* **EXERCISE BRIEF**
Repeat the lines below exactly as written, please, from the line with "[m/min] | Coeff. |" to the line with "海側に赤白の巨大な構造物が見", both lines included, and no others.

* **DATA EXTRACT**

——

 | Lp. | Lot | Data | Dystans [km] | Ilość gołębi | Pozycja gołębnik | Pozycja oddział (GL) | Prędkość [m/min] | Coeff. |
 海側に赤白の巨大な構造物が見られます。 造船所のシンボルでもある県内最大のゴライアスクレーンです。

——

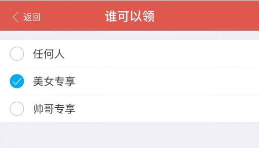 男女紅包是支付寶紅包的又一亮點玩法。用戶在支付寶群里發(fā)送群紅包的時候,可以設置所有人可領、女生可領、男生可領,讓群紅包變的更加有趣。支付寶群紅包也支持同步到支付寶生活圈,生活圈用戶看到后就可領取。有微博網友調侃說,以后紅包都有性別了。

——

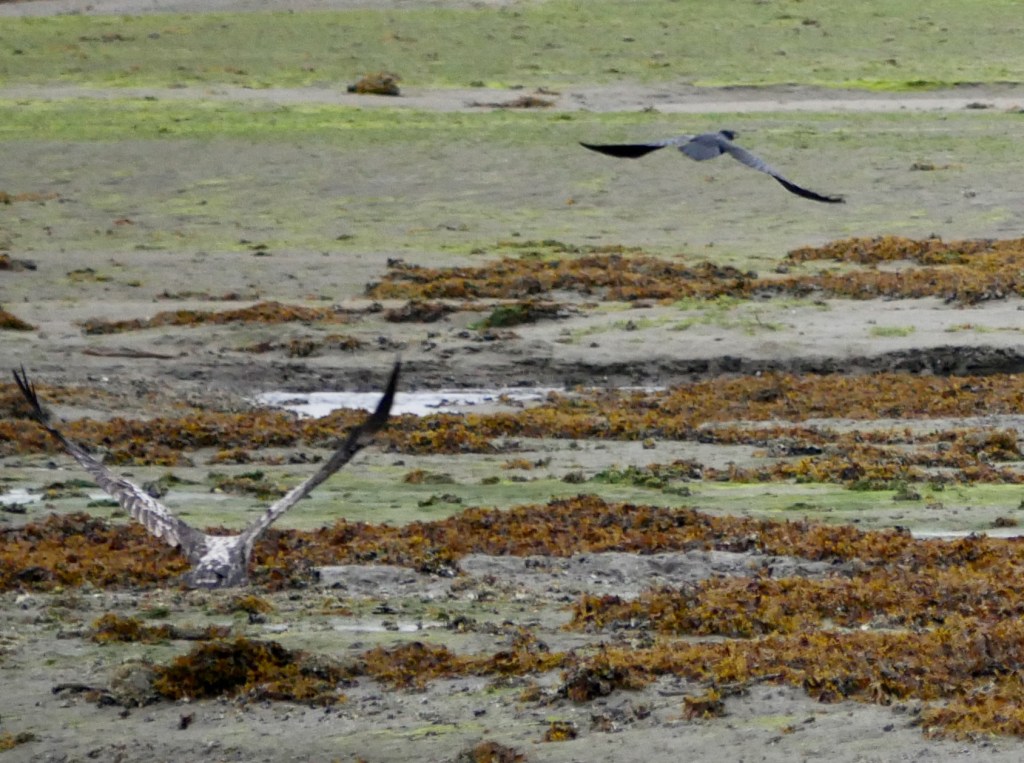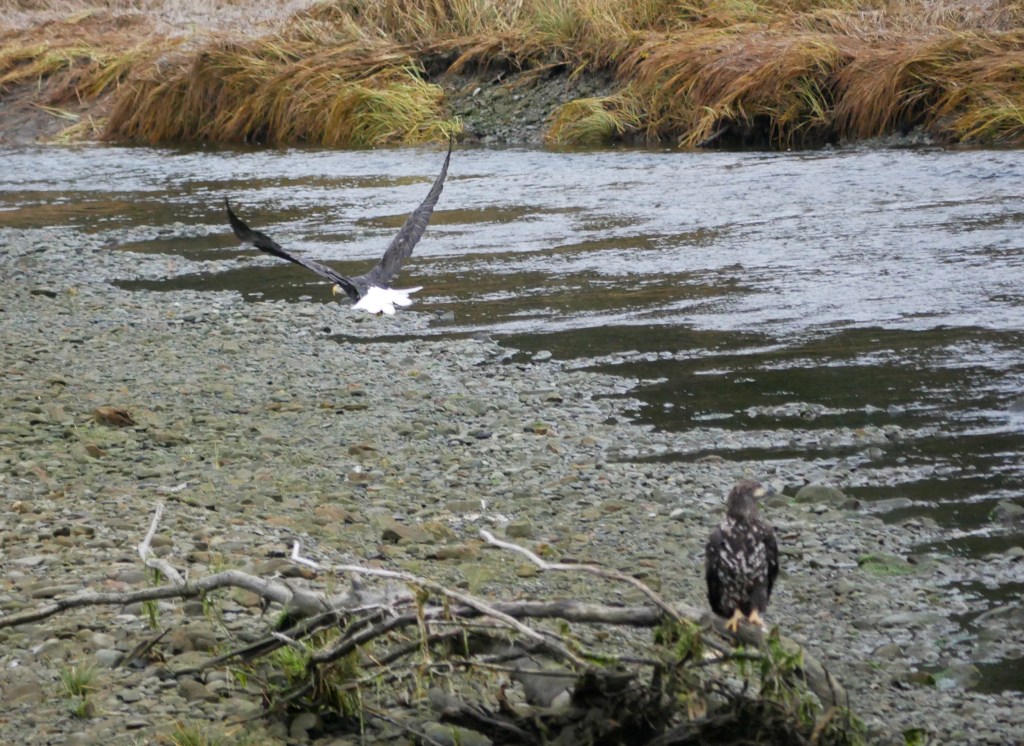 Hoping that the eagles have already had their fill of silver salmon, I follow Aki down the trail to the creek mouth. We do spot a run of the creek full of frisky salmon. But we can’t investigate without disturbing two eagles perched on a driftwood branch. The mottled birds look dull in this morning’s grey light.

——

* **ANSWER BOX**
 | Lp. | Lot | Data | Dystans [km] | Ilość gołębi | Pozycja gołębnik | Pozycja oddział (GL) | Prędkość [m/min] | Coeff. |
 海側に赤白の巨大な構造物が見られます。 造船所のシンボルでもある県内最大のゴライアスクレーンです。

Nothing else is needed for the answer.